Docker images are signed and published to Docker Hub's Notary server

The Notary project is a CNCF incubating project that aims to provide trust and security to software distribution. Docker Hub runs a Notary server at https://notary.docker.io for the repositories it hosts.

Docker Content Trust is the mechanism used to verify digital signatures and enforce security by adding a validating layer.

You can inspect the signed tags for this project by doing docker trust inspect --pretty docker.io/patoarvizu/kms-vault-operator, or (if you already have notary installed) notary -d ~/.docker/trust/ -s https://notary.docker.io list docker.io/patoarvizu/kms-vault-operator.

If you run docker pull with DOCKER_CONTENT_TRUST=1, the Docker client will only pull images that come from registries that have a Notary server attached (like Docker Hub).

Docker images are labeled with Git and GPG metadata

In addition to the digital validation done by Docker on the image itself, you can do your own human validation by making sure the image's content matches the Git commit information (including tags if there are any) and that the GPG signature on the commit matches the key on the commit on github.com.

For example, if you run docker pull patoarvizu/kms-vault-operator:898c158e9c3c313984d9a0c7947f0f3178501cf2 to pull the image tagged with that commit id, then run docker inspect patoarvizu/kms-vault-operator:898c158e9c3c313984d9a0c7947f0f3178501cf2 | jq -r '.[0].ContainerConfig.Labels' (assuming you have jq installed) you should see that the GIT_COMMIT label matches the tag on the image. Furthermore, if you go to https://github.com/patoarvizu/kms-vault-operator/commit/898c158e9c3c313984d9a0c7947f0f3178501cf2 (notice the matching commit id), and click on the Verified button, you should be able to confirm that the GPG key ID used to match this commit matches the value of the SIGNATURE_KEY label, and that the key belongs to the AUTHOR_EMAIL label. When an image belongs to a commit that was tagged, it'll also include a GIT_TAG label, to further validate that the image matches the content.

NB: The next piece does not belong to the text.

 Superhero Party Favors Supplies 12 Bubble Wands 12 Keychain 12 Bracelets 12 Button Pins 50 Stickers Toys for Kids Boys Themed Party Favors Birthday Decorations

Keep in mind that this isn't tamper-proof. A malicious actor with access to publish images can create one with malicious content but with values for the labels matching those of a valid commit id. However, when combined with Docker Content Trust, the certainty of using a legitimate image is increased because the chances of a bad actor having both the credentials for publishing images, as well as Notary signing credentials are significantly lower and even in that scenario, compromised signing keys can be revoked or rotated.

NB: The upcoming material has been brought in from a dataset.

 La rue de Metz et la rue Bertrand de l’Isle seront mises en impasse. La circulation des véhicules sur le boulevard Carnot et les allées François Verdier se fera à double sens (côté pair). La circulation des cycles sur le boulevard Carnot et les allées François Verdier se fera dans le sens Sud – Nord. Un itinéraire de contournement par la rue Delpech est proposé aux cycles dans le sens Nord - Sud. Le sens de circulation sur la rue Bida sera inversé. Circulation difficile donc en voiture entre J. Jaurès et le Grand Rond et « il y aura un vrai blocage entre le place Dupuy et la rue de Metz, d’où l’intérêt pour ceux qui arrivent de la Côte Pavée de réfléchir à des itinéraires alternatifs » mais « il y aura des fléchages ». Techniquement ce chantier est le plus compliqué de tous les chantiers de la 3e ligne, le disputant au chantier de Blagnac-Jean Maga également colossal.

Here's the list of included Docker labels:

  • AUTHOR_EMAIL
  • COMMIT_TIMESTAMP
  • GIT_COMMIT
  • GIT_TAG
  • SIGNATURE_KEY

Multi-architecture images

Manifests published with the semver tag (e.g. patoarvizu/kms-vault-operator:v0.15.0), as well as latest are multi-architecture manifest lists. In addition to those, there are architecture-specific tags that correspond to an image manifest directly, tagged with the corresponding architecture as a suffix, e.g. v0.15.0-amd64. Both types (image manifests or manifest lists) are signed with Notary as described above.

Here's the list of architectures the images are being built for, and their corresponding suffixes for images:

  • linux/amd64, -amd64
  • linux/arm64, -arm64
  • linux/arm/v7, -arm7

Important notes by this project

Kubernetes namespaces and Vault namespaces

The KMSVaultSecret CRD is a namespaced resource, but please note that the Kubernetes namespace doesn't map to a Vault namespace. Support for Vault namespaces is outside of the scope of this project, since they're only available in Vault enterprise for now.

Additionally, the PartialKMSVaultSecret CRD is also namespaced, but the includeSecrets field on a KMSVaultSecret object will only discover partial secrets within the same namespace. Support for referencing secrets from another namespace will be added in a future version.

Multiple secrets writing to the same location

Also, the operator doesn't make any guarantees or checks about KMSVaultSecrets in different namespaces writing to the same Vault paths. The operator is designed to continuously write the secret, so if two or more resources are pointing to the same location, the operator will constantly overwrite them.

No validation on target path

Because the controller is designed to write the secret to Vault continuously, it doesn't perform any validation on what may exist on the configured path before writing to it. Be careful when deploying a KMSVaultSecret to make sure you don't overwrite your existing secrets.

Removing secrets when a KMSVaultSecret is deleted.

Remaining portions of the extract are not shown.